To assess the clinical quality of diabetes care and the systems of care in place in Medicare managed care organizations (MCOs) to determine which systems are associated with the quality of care.


Cross-sectional, observational study that included a retrospective review of 2001 diabetes Health Plan Employer and Data Information Set (HEDIS) measures and a mailed survey to MCOs.


One hundred and thirty-four plans received systems surveys. Data on clinical quality were obtained from HEDIS reports of diabetes measures.

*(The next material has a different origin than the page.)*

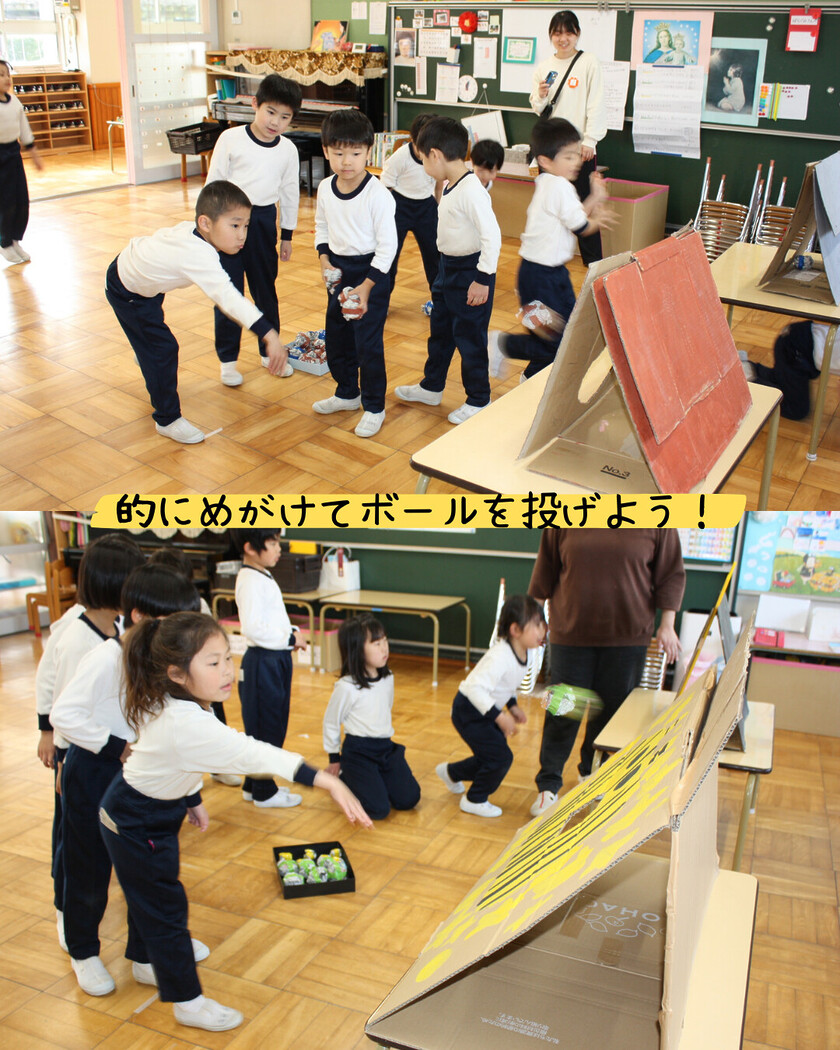 難易度別の手作り的にを倒したり、穴の中にボールを入れたりしました。仲間と協力する姿もたくさん見られました!

Ninety plans returned the survey. Composite diabetes quality scores (CDSs) were based on averaging scores for the 6 HEDIS diabetes measures. For the upper quartile of responding plans, the average score was 77.6. The average score for the bottom quartile was 53.9 (P < .001). The mean number of systems or interventions for the upper-quartile group and the bottom-quartile group was 17.5 and 12.5 (P < .01), respectively. There were significant differences in the 2 groups in the following areas: computer-generated reminders, physician champions, practitioner quality-improvement work groups, clinical guidelines, academic detailing, self-management education, availability of laboratory results, and registry use. After adjusting for structural and geographic variables, practitioner input and use of clinical-guidelines software remained as independent predictors of CDS. Structural variables that were independent predictors were nonprofit status and increasing number of Medicare beneficiaries in the MCO.


MCO structure and greater use of systems/interventions are associated with higher-quality diabetes care. These relationships require further exploration.